Mitch estaba lo bastante cerca para que Heath lo agarrase. Chandler se interpuso e intentó apartar a su viejo amigo.

La ira de Mitch cambió de objetivo.

—¡Quítame las manos de encima, Chandler!

—No vas a sacar nada más de él —le susurró Chandler.

—¿Qué demonios sabes tú? ¿A cuántos sospechosos de asesinato has interrogado?

—A ninguno —reconoció Chandler—, pero míralo, está hecho polvo…, cansado, herido, sudoroso. Cualquier cosa que le saquemos ahora podría ser verdad, mentira o, simplemente, algo que nos dirá para que nos callemos. Deja que se enfríe un rato.

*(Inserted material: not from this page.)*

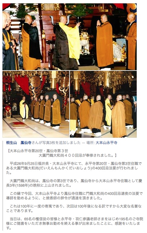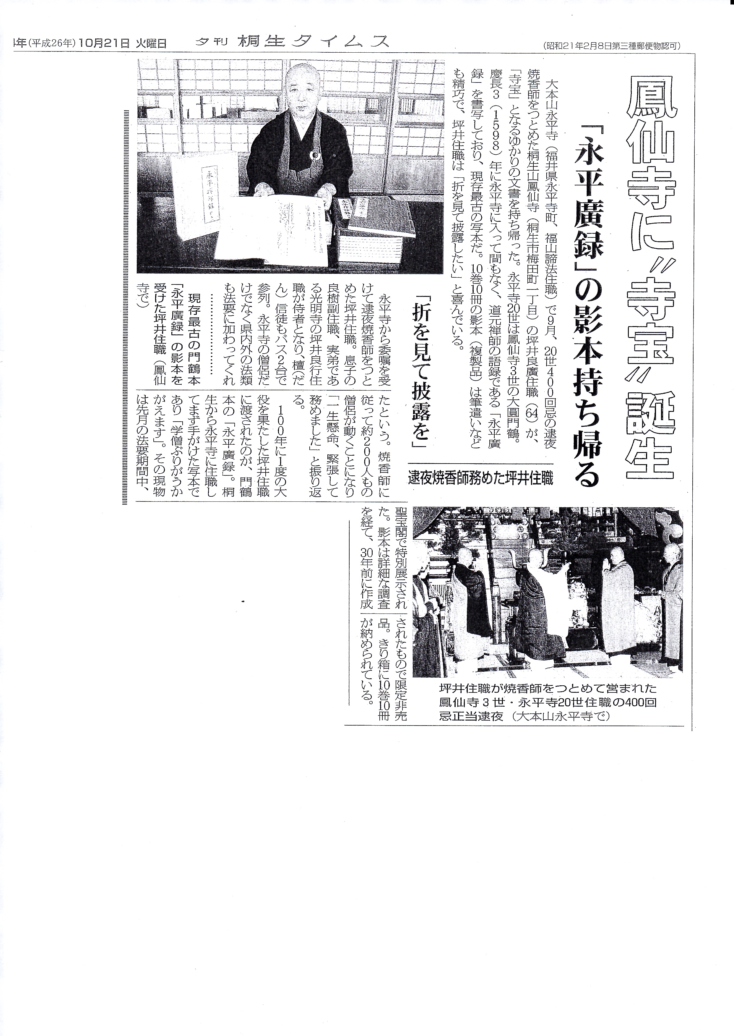 桐生山鳳仙寺(坪井良廣住職(64)が9月24日、大本山永平寺(福井県永平寺町、福井諦法住職)で行われる20世400回忌の逮夜焼香師をつとめることになった。永平寺20世住職の大圓門鶴は鳳仙寺3世住職で、慶長3(1598)年に永平寺に入ったことが各寺に伝わる文書からわかっている。永平寺から委嘱を受けた坪井住職は「たいへん名誉な

Mitch no bajó la vista, pero tampoco dijo nada. La ira se fue templando de sus ojos castaños. Chandler buscó algo en aquellos ojos que le recordara a su viejo amigo. Pero el paso de los años parecía haberse llevado con él todo rastro de compasión.

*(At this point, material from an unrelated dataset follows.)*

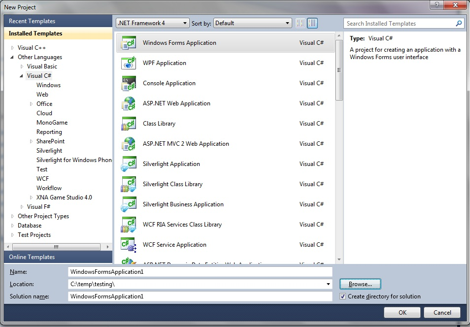 1. Launch Visual Studio 2010 or another version of Visual Studio. Select Visual C#, Select Windows Form Application.

—Dejemos que descanse una hora y lo intentamos otra vez más tarde —dijo Chandler.

Mitch hizo que Chandler apartara las manos de su brillante traje y dirigió a Heath una sonrisa forzada.

—Creo que ya basta por ahora, señor Barwell. El sargento lo llevará de vuelta a su celda.

Mitch caminó hasta la puerta. Entonces miró a Chandler. Aunque estaba furioso, no pensaba dejar que le acusaran de abandonar su deber y permitir que un colega manejase solo a un sospechoso de asesinato.

Chandler se acercó a Heath, que no paraba de temblar, y le volvió a poner las esposas. Al levantar la vista, vio que Mitch ya no estaba en la puerta. En su lugar, vio a Tanya.